Neither scientific progress nor the budgetary process can wait for compute engine and interconnect roadmaps. At some point, an HPC center is at a cadence for upgrading its supercomputers that is difficult to change, and you get the best supercomputer you can get at any time and you try not to get jelly beans with rival HPC centers that are able to buy machines a year or two from now.
The good thing about buying a pre-exascale system and installing it two years ago, as the CINECA center in Italy did with its “Leonardo” system is that this is a perfect time to spend a little bit more money to add a pretty substantial amount of mixed precision compute to Leonardo to extend its usefulness.

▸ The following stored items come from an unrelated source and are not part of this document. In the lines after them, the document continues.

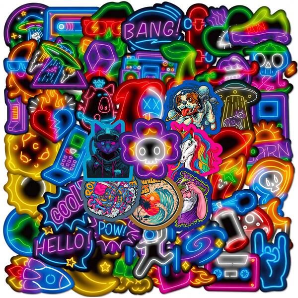 50PCS Cartoon Neon Stickers - Cool Cute Waterproof Vinyl Decals For Laptops, Water Bottles, Computers & Phones - Perfect For Kids, Adults Halloween/Christmas Gift
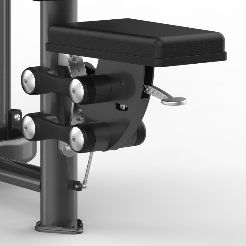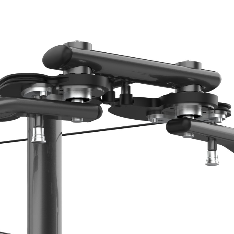 The M7PRO Line features Dual-Pulley design and metal plate enclosure. Each machine has a rack for towel and water bottle holder. The range is constructed from 57*115*3MM elliptical section and design is based around good Kinesiology motion. The machines adopt stainless fasteners, an excellent powder coat paint finish and superior welding. These features combine to produce a beautiful and attractive range. (M7PRO series used the weight cover in Aluminium Alloy material, which is more durable and looks more elegant.)
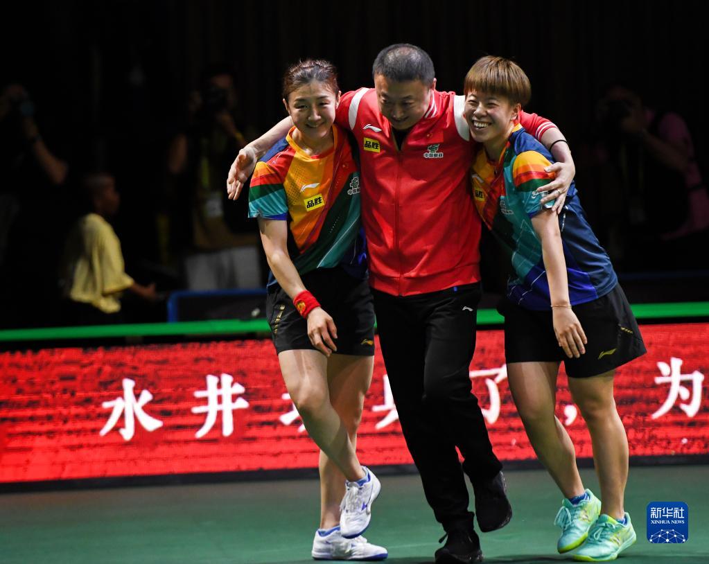 5月27日,陈梦(左)/王艺迪(右)与教练马琳庆祝胜利。

And so, that is what CINECA is doing right now, and interestingly, with reasonable visibility into the current, impending, and future GPU accelerators from Nvidia and AMD, this is a perfect time to try to wrangle a good deal on some AI processing that can also be good at HPC processing.
CINECA is short for Consorzio Interuniversitario del Nord est Italiano Per il Calcolo Automatico and which sounds a whole lot sexier in Italian than the English equivalent of Inter-University Consortium for Northeast Italy High Performance Computing. It was founded in 1969 and its first supercomputer, like many HPC centers in the world, was a Control Data CDC 6600, which was of course designed by the legendary Seymour Cray starting in 1962. In 1974, a few years after CINECA was formed, the Lombardy region of Italy, which is one of the economic powers of Europe and which has Milan as its center, formed Consorzio Interuniversitario Lombardo per l’Elaborazione Automatica, another consortium for academic supercomputing, and in 2013 CINECA and CILEA merged to create the CINECA we know today.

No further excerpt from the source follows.